◆ **Given material**

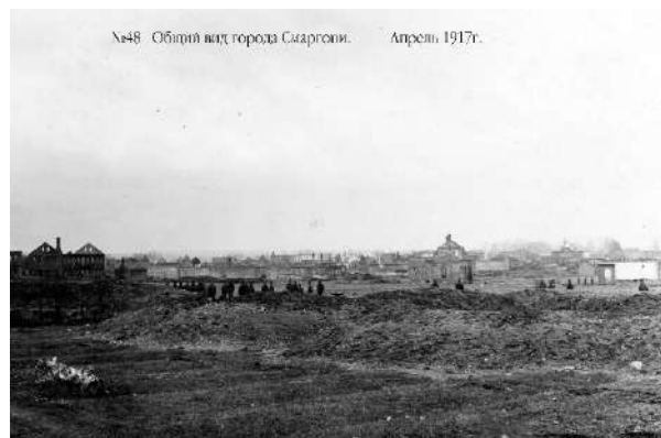
№48 Общий вид города Сморгони. Апрель 1917г.

Несмотря на то, что про 16 сентября 1917 года в Сморгони мало сведений, остался «Юношеский роман» В. Катаева. Ниже привожу отрывки из данного произведения. Я полагаю, что такой же увидел в 1917 года Сморгонь и герой нашего повествования Тимофей Максимович Виноградов.
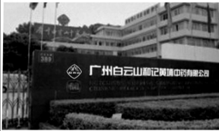
咳喘根源被发现——沥青般的痰栓

特别提示 2004年5月,华人巨富斥巨资1.7亿,联合国内最权威的中药制药企业广州白云山集团,成立了“广州白云山和记黄埔中药有限公司”。并由钟南山院士领衔,共同组建了我国国家级呼吸疾病重点实验室,国内哮喘病治疗领域新标杆向白云山看齐!白云山紫茶颗粒正是由钟南山领衔的国家级呼吸疾病重点实验室研制,国内首个能彻底根治老慢支肺炎喘咳的专用新药。它的问世轰动整个医学界,它显著的治疗效果令世界呼吸疾病防治领域的专家大加赞扬,它让哮喘患者摆脱了久治不愈、反复发作的痛苦生活。被称为“具有历史意义的一刻”,国内外著名媒体更是用“让医学专家如释重负,划时代新药”等醒目文字来做重点报道。

◆ **About this task**
The result should be the same data as above, line for line, with the pictures gone.

◆ **Task result**
№48 Общий вид города Сморгони. Апрель 1917г.

Несмотря на то, что про 16 сентября 1917 года в Сморгони мало сведений, остался «Юношеский роман» В. Катаева. Ниже привожу отрывки из данного произведения. Я полагаю, что такой же увидел в 1917 года Сморгонь и герой нашего повествования Тимофей Максимович Виноградов.
咳喘根源被发现——沥青般的痰栓

特别提示 2004年5月,华人巨富斥巨资1.7亿,联合国内最权威的中药制药企业广州白云山集团,成立了“广州白云山和记黄埔中药有限公司”。并由钟南山院士领衔,共同组建了我国国家级呼吸疾病重点实验室,国内哮喘病治疗领域新标杆向白云山看齐!白云山紫茶颗粒正是由钟南山领衔的国家级呼吸疾病重点实验室研制,国内首个能彻底根治老慢支肺炎喘咳的专用新药。它的问世轰动整个医学界,它显著的治疗效果令世界呼吸疾病防治领域的专家大加赞扬,它让哮喘患者摆脱了久治不愈、反复发作的痛苦生活。被称为“具有历史意义的一刻”,国内外著名媒体更是用“让医学专家如释重负,划时代新药”等醒目文字来做重点报道。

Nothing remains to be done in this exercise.